Thank you for a great tool! I think I got a pretty good understanding of the (s)PLS-DA rather quickly DIABLO is a bit complicated though.
I have identified variables from 3 datasets that distinguish each dataset between healthy and disease. Basically, 9 variables of comp 1 in dataset1,
200 variables of comp1 in dataset2
and 8 variables of comp1 in dataset3.
I have extracted these variables and their values to create a list of objects for DIABLO only containing these 217 variables. Does this make sense?
Next, I want to tune the number of variables to keep from each dataset:
test.keepX = list (colon = c(3:9), plasma = c(5:10, seq(20, 100, 20)),olink = c(3:8))

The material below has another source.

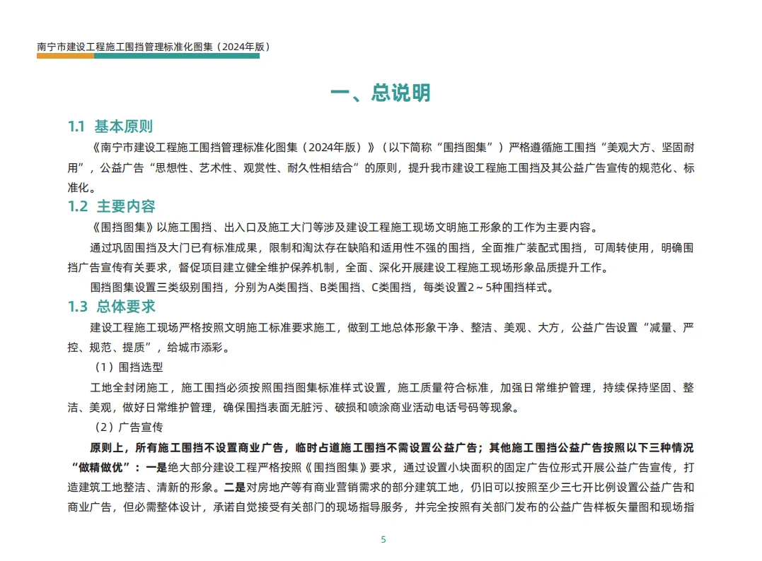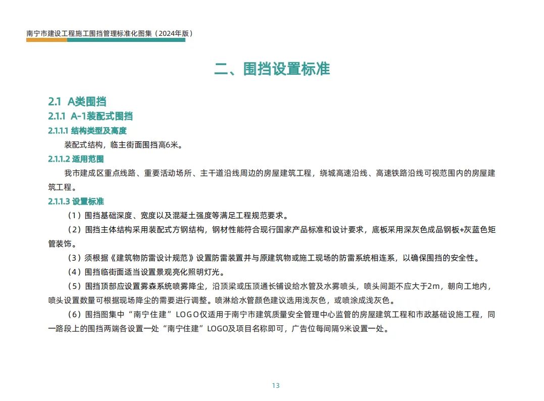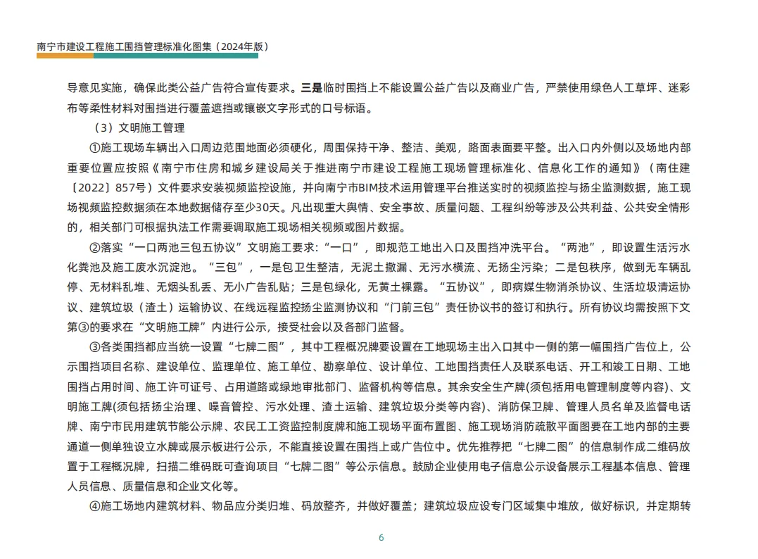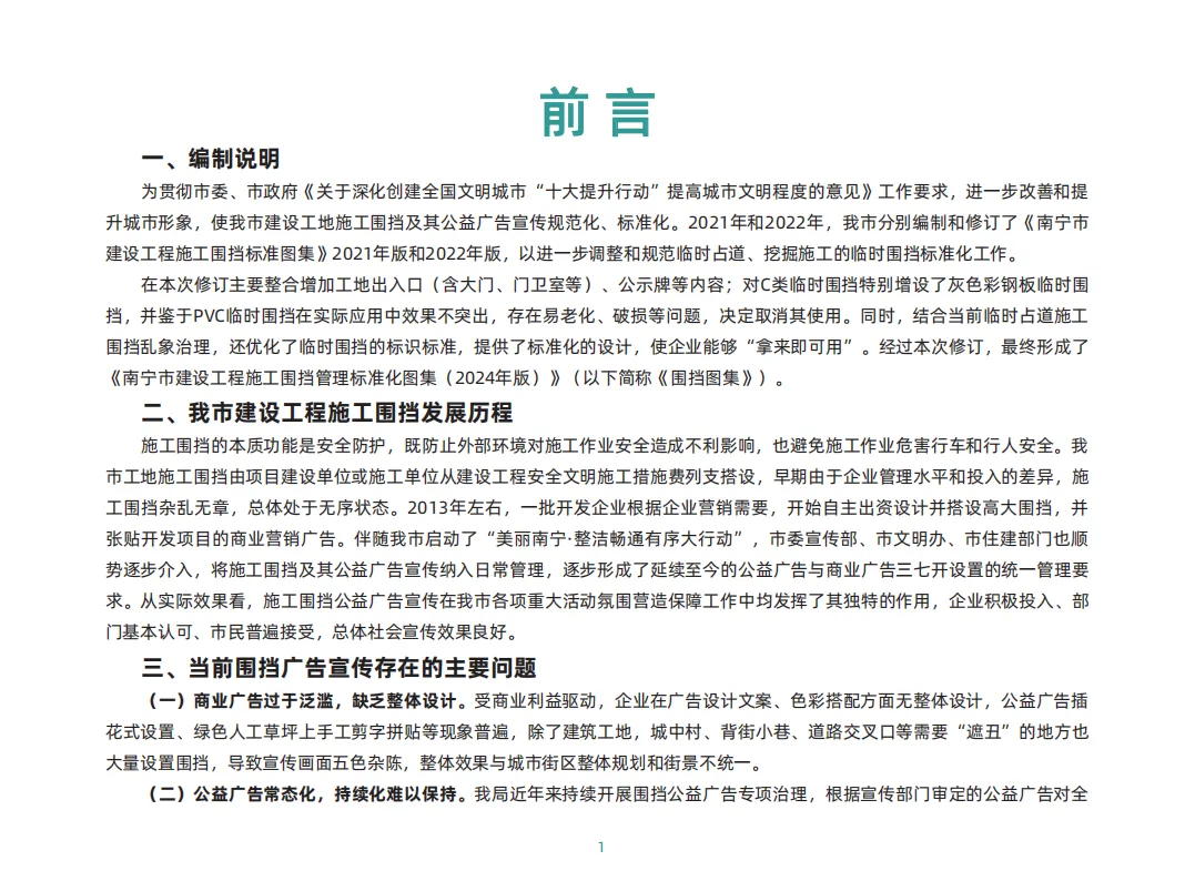 为了进一步改善城市形象,告别以往围挡杂乱无章、广告五花八门的乱象,南宁市住建局正式发布了《南宁市建设工程施工围挡管理标准化图集(2024年版)》(以下简称《围挡图集》)。

design = matrix(0, ncol = length(X), nrow = length(X),dimnames = list(names(X), names(X)))
tune.BBM = tune.block.splsda(X = X, Y = Y, ncomp = 5,test.keepX = test.keepX, design = design, validation = ‘Mfold’, folds = 10, nrepeat = 5,dist = “centroids.dist”, cpus = 7)

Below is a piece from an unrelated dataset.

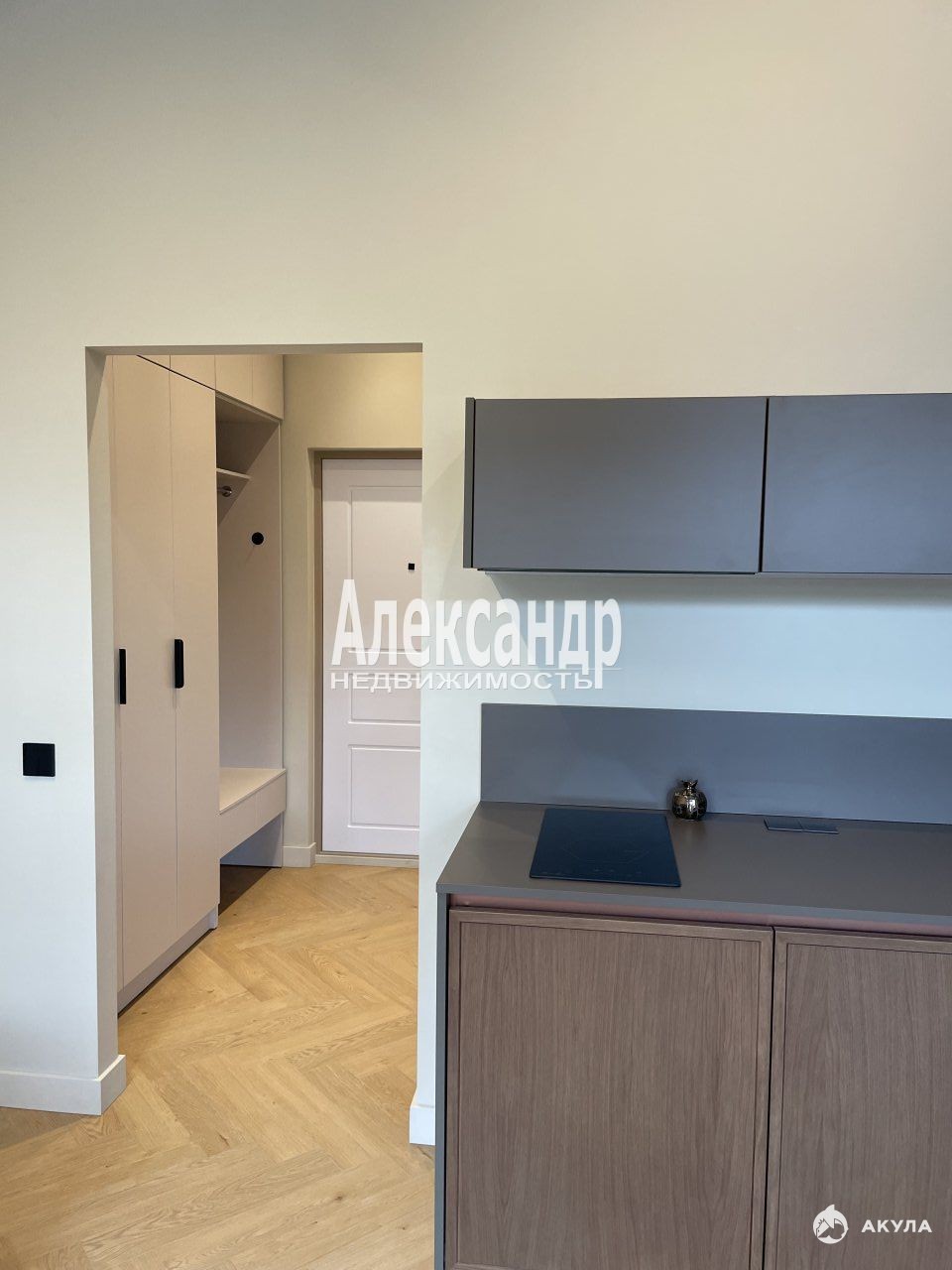 — кухня со встроенной техникой: индукционная плита, посудомоечная машина, холодильник, вытяжка

But I do not understand the output, e.g. I get an error rate of 0 for all comp and
 3 3 3 3 3
 5 10 5 5 5
 3 3 3 3 3
Please, see the attached screenshots.
How do I interpret the results? Error = 0 can’t be right. What went wrong?

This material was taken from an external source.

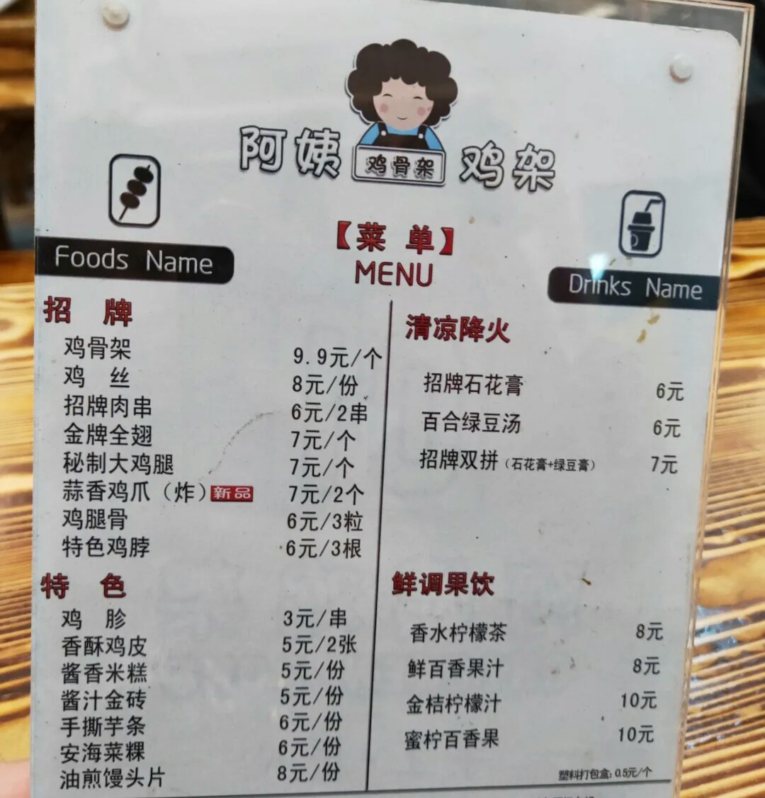 走走tingting的美食笔记 这家的炸物在西街是比较有名的,两个人点了两个鸡翅,-一个鸡骨架,两份绿豆石花膏。鸡骨架和鸡翅的味道是一样的,个人推荐鸡翅,鸡翅肉比较多而且好吃,咬下去肉汁都溅到手上,外皮香脆里面的肉嫩滑可口。鸡架就是鸡骨架,所以肉少,但吃起来更香。百合绿豆 普普通通,不过冰凉爽口,搭配这些上火的炸物倒也是不错。 就是店太小了,只有五张小桌子,所以几乎都要排队等,或是打包回去吃。
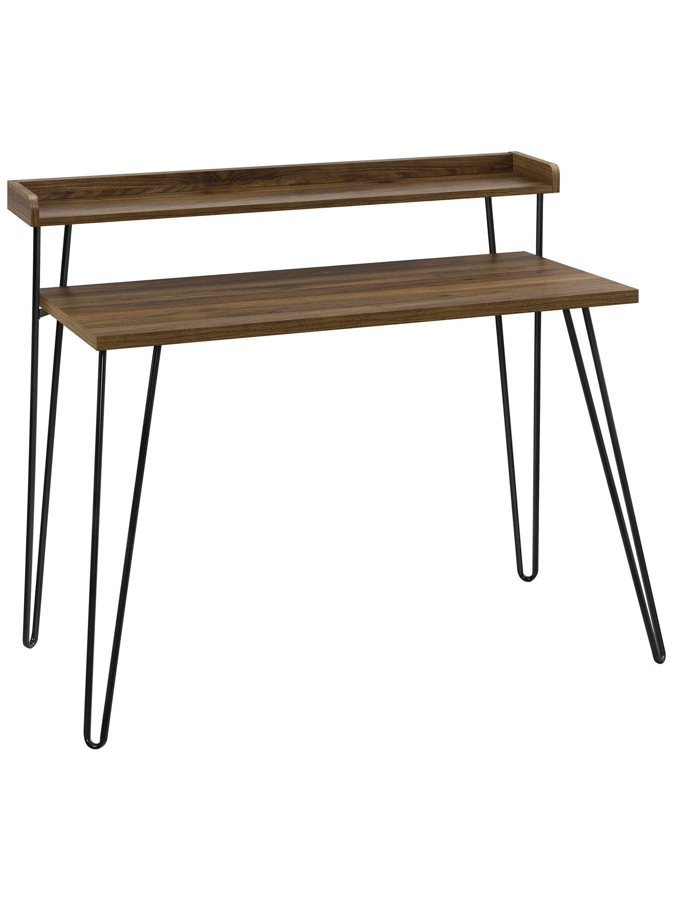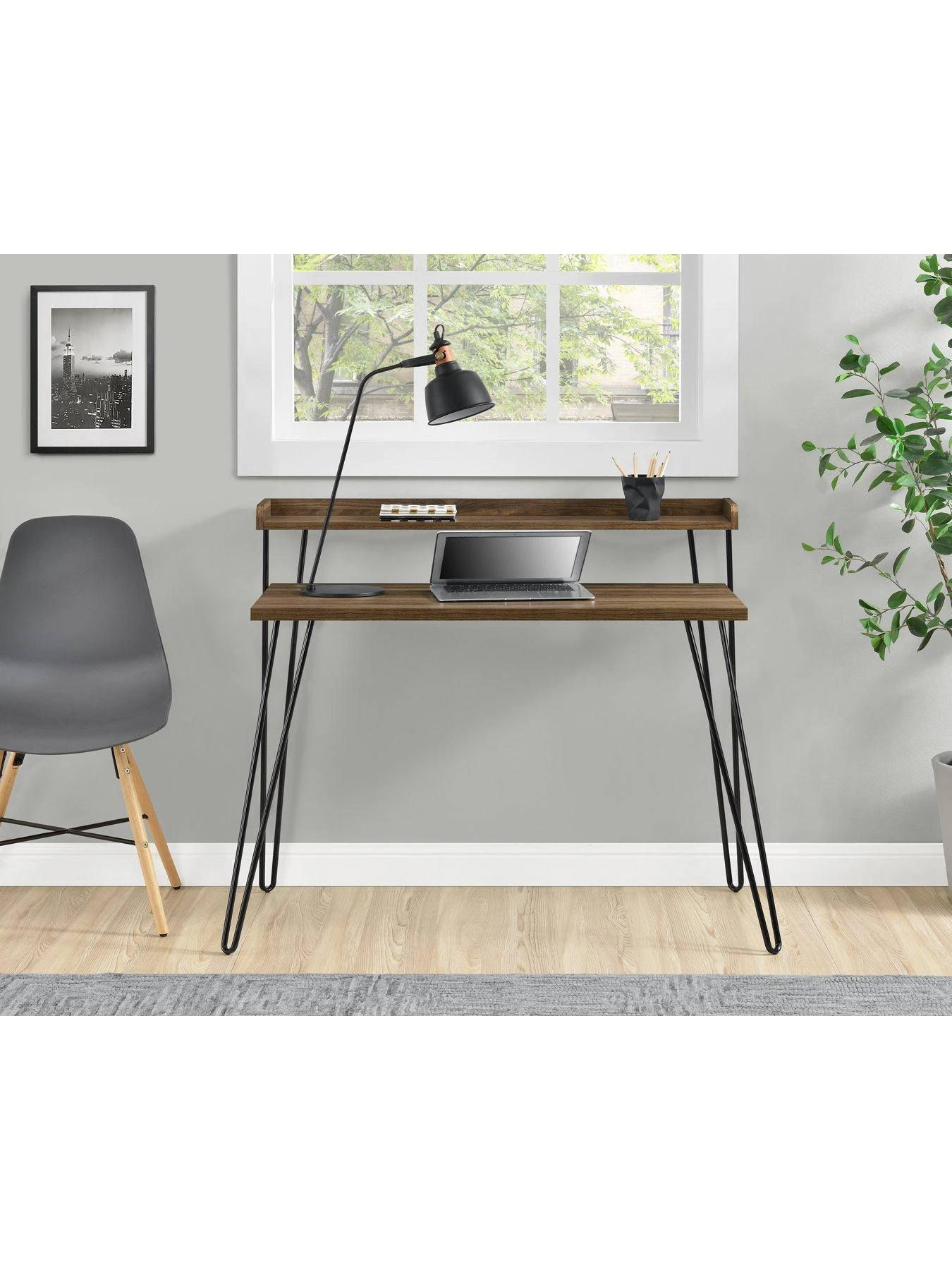 - A choice of finish desk top surfaces and metal hairpin style legs bring an updated style to your décor

In addition, I ran circosPlot including all variables. I wanted to get the corMat as well, so I ran:
corMat <- circosPlot(MyResult.diablo1,cutoff=.7, ncol.legend = 2, size.legend = 1.1)
as suggested in another post here in the forum. However, I am puzzled by the output.
How does this code calculate the correlation?
Looking at the matrix, I see one metabolite of dataset1 correlating with itself from the same dataset by only 0.65 while correlating with a protein from a different dataset (and biological compartment) with 0.72. How can this be?